The Diaries of Rebecca - Part 1

It's truly embarrassing when I get good grades at school. I hate being called a geek. When I got here 5 years ago, I had no idea why nobody liked being friends with me. Everyone would erupt into laughter the minute I raised my hand in class. They all started calling me "little miss know-it-all". I had very few friends. Going to school made me miserable. But coming back home was worse. Whenever Papa and Mama fought, I'd try to think of scenarios where my school bus just crashed on the way back home so that I'd not have to live through that day. Because all their arguments ended in the exact same way. The door would be locked and we'd hear scuffling noises from within. Pushing and pulling. Banging and beating. My mother's muffled screams would haunt my sister and I. And we'd try to go to sleep as early as 7 in the evening, pillows pressed against out ears, praying for sleep to take over our consciousness.

Soon enough, I learned how to survive at school. School started becoming more bearable when I pretended to be dumb and stopped raising my hand to even the most obvious and easiest of questions. They teachers were suspicious at first, but when the grades were announced, they were always happy with me. Because without fail, I'd score well. I'd top the class. Not because I wanted to. But because I had to. Or else, Papa would dedicate that evening to beating me, instead of my mother or my sister Rosie. He let Rosie go with time, once he realized that she wasn't miraculously going to start doing well in school. She was hardly ever interested in any subject and as her younger sister, the teachers probably expected the same from me. It came as a pleasant surprise to both them and my father when I showed my true potential in the initial years. That became the bane of my life, as Papa knew what to expect from me now. And I couldn't stop performing well, even if it meant a better time at school.

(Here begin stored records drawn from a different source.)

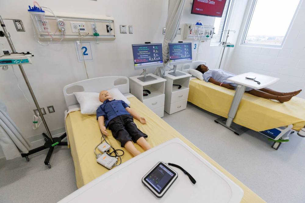 The 16,000-square-foot simulation centre is designed to look like hospital rooms and a triage area.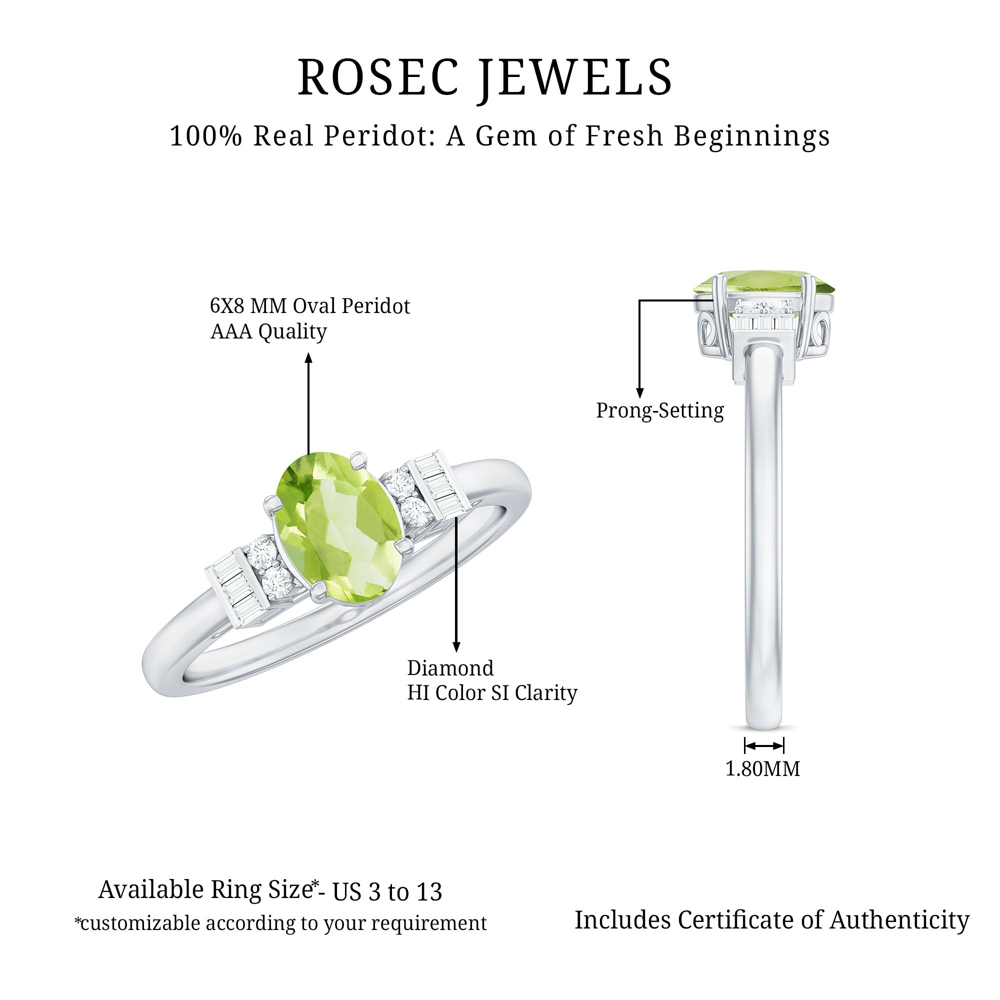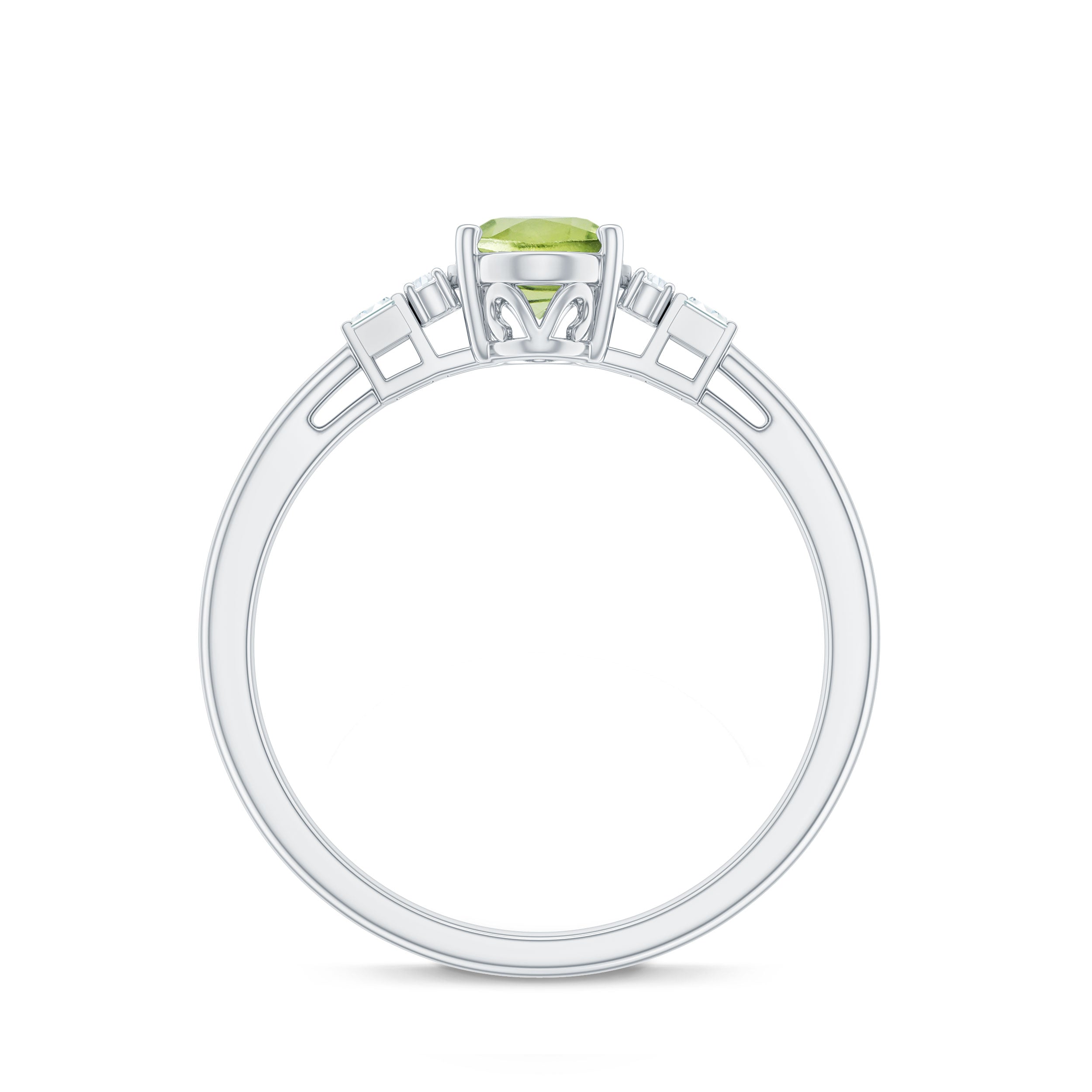 3/4 CT Natural Oval Cut Peridot Classic Engagement Ring with Diamond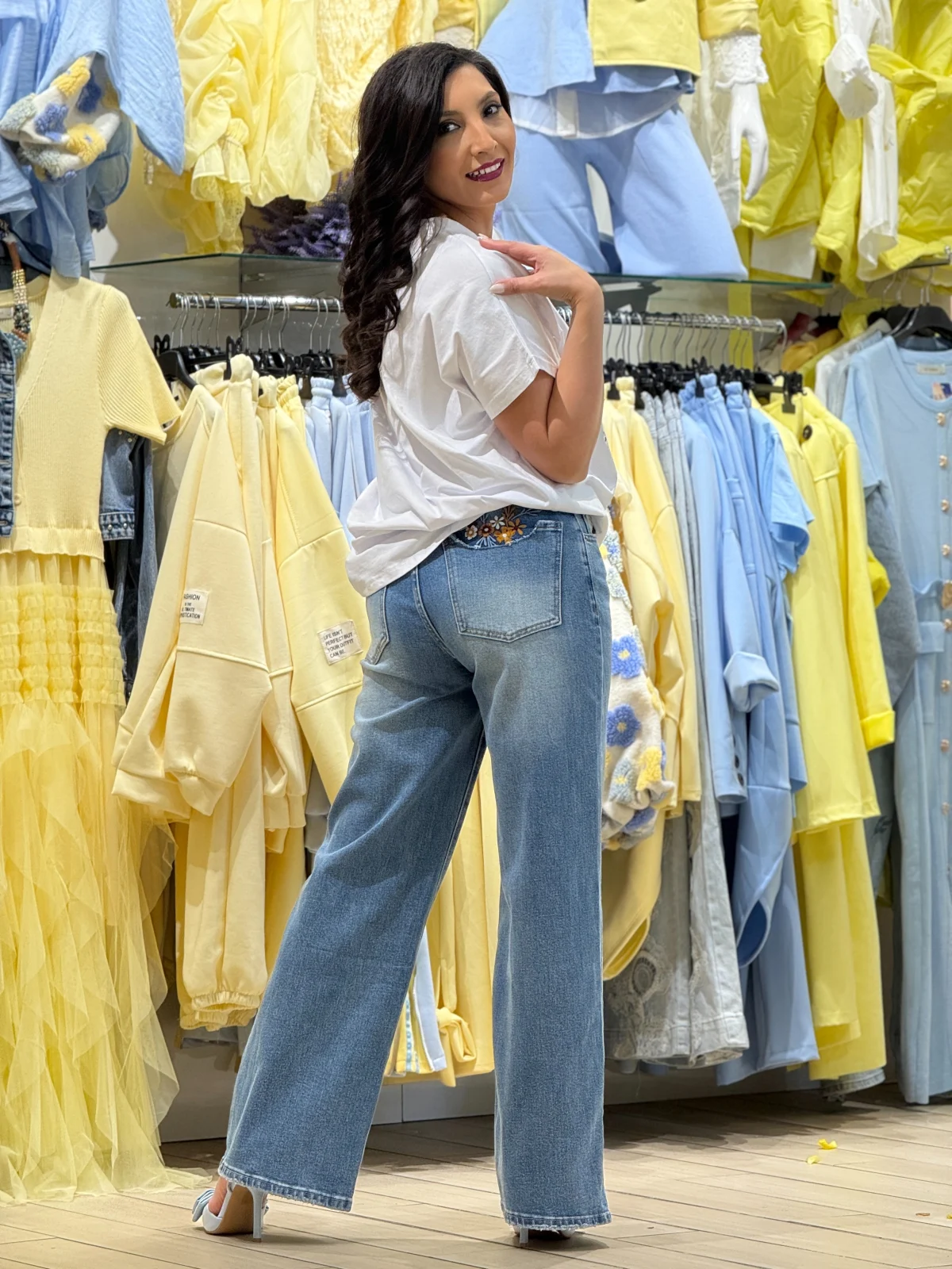 Blugi dama albastri drepti cu broderie la buzunare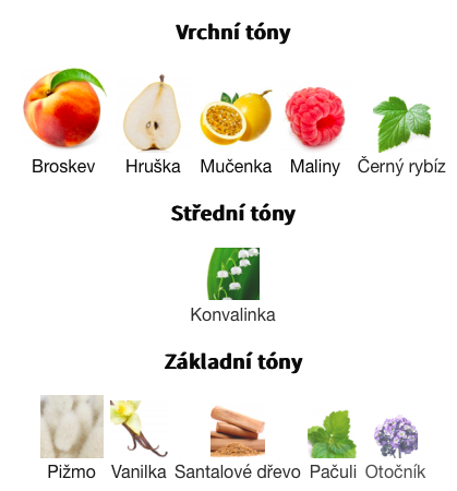 Vrchní tóny jsou Broskev, Hruška, Mučenka, Maliny a Černý rybíz

Today after the exam, when they asked me how it was, I told them the usual lie, "Oh, it was so hard, wasn't it? Wonder which asshole set the question paper this time!". Every single time. The same old lie. And the best thing is, it truly makes them happy when I say that. They don't pick at me. I don't have to worry about anything till the results are announced because that's when they start telling me how I always say exams are tough but end up scoring well anyway. But technically, I only said it was hard. Not that it was bad. There's a difference. Unfortunately for me, Papa was picking me up after the exam because the school bus does not operate during the exams. When I got into the car, he asked me the same question and because I was still tired from the exam and wasn't paying attention, I parroted the same answer that I was well-versed with over the years, except that I parroted the wrong answer and told him what I always tell my friends. That did it. For almost the entire ride home, let's just say he roared in the car, not giving me a chance to explain, making me hide my face in shame at all the red lights, telling me without even pausing for breath that I was a disappointment and that he was wasting his money on me by sending me to school. When he finally stopped talking, I could tell him that I was joking and that I actually did well and didn't even get a single question wrong. He remained silent for about 15 seconds and then roared again. This time, accusing me of lying to him. "So you've started lying to me as well.", he said. I just wanted to get home as soon as possible and lock myself in the bathroom because that's one place where nobody tries to get to me.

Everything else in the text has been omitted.